Return the full listing word for word, but drop every picture from it.

*** Opening Given information ***

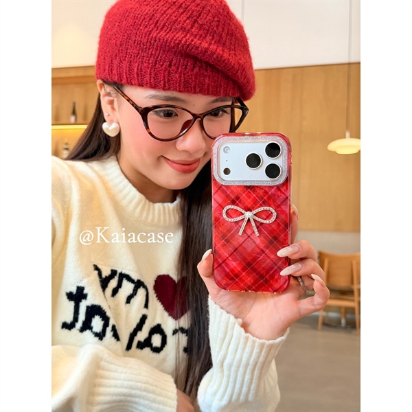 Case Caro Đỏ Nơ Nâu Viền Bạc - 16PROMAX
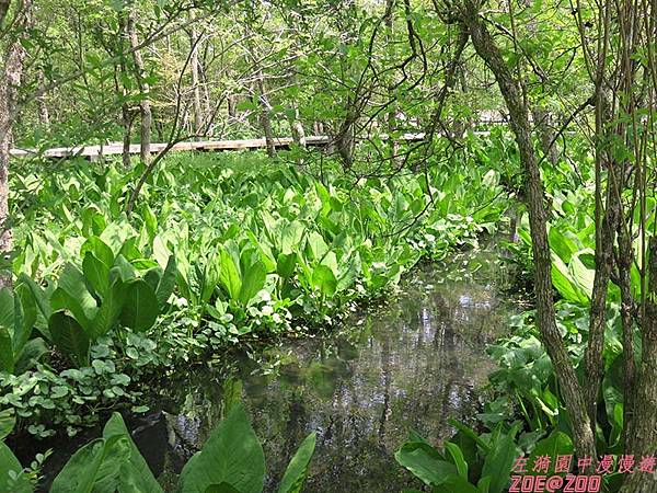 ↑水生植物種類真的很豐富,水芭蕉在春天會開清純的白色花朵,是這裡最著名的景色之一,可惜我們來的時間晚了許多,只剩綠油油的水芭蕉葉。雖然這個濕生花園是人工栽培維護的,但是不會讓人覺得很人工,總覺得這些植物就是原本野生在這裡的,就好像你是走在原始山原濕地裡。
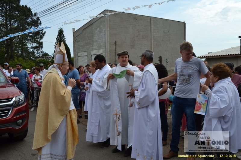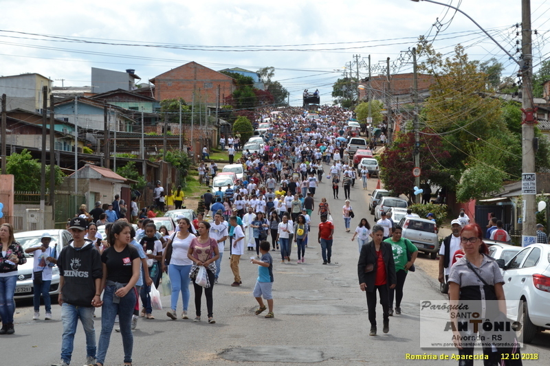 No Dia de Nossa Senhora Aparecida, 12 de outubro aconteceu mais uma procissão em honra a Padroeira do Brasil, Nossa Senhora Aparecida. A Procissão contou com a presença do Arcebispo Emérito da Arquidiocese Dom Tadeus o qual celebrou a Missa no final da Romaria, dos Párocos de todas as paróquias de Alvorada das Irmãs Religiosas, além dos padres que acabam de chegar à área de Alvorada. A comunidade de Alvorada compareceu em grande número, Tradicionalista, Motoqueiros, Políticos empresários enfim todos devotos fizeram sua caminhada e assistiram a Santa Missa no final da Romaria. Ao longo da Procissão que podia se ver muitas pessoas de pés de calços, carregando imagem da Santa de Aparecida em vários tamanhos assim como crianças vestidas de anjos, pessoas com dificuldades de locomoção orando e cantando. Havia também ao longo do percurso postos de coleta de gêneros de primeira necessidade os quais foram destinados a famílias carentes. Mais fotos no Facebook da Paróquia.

*** Closing Given information ***

_Answer to this problem_
 Case Caro Đỏ Nơ Nâu Viền Bạc - 16PROMAX
 ↑水生植物種類真的很豐富,水芭蕉在春天會開清純的白色花朵,是這裡最著名的景色之一,可惜我們來的時間晚了許多,只剩綠油油的水芭蕉葉。雖然這個濕生花園是人工栽培維護的,但是不會讓人覺得很人工,總覺得這些植物就是原本野生在這裡的,就好像你是走在原始山原濕地裡。
 No Dia de Nossa Senhora Aparecida, 12 de outubro aconteceu mais uma procissão em honra a Padroeira do Brasil, Nossa Senhora Aparecida. A Procissão contou com a presença do Arcebispo Emérito da Arquidiocese Dom Tadeus o qual celebrou a Missa no final da Romaria, dos Párocos de todas as paróquias de Alvorada das Irmãs Religiosas, além dos padres que acabam de chegar à área de Alvorada. A comunidade de Alvorada compareceu em grande número, Tradicionalista, Motoqueiros, Políticos empresários enfim todos devotos fizeram sua caminhada e assistiram a Santa Missa no final da Romaria. Ao longo da Procissão que podia se ver muitas pessoas de pés de calços, carregando imagem da Santa de Aparecida em vários tamanhos assim como crianças vestidas de anjos, pessoas com dificuldades de locomoção orando e cantando. Havia também ao longo do percurso postos de coleta de gêneros de primeira necessidade os quais foram destinados a famílias carentes. Mais fotos no Facebook da Paróquia.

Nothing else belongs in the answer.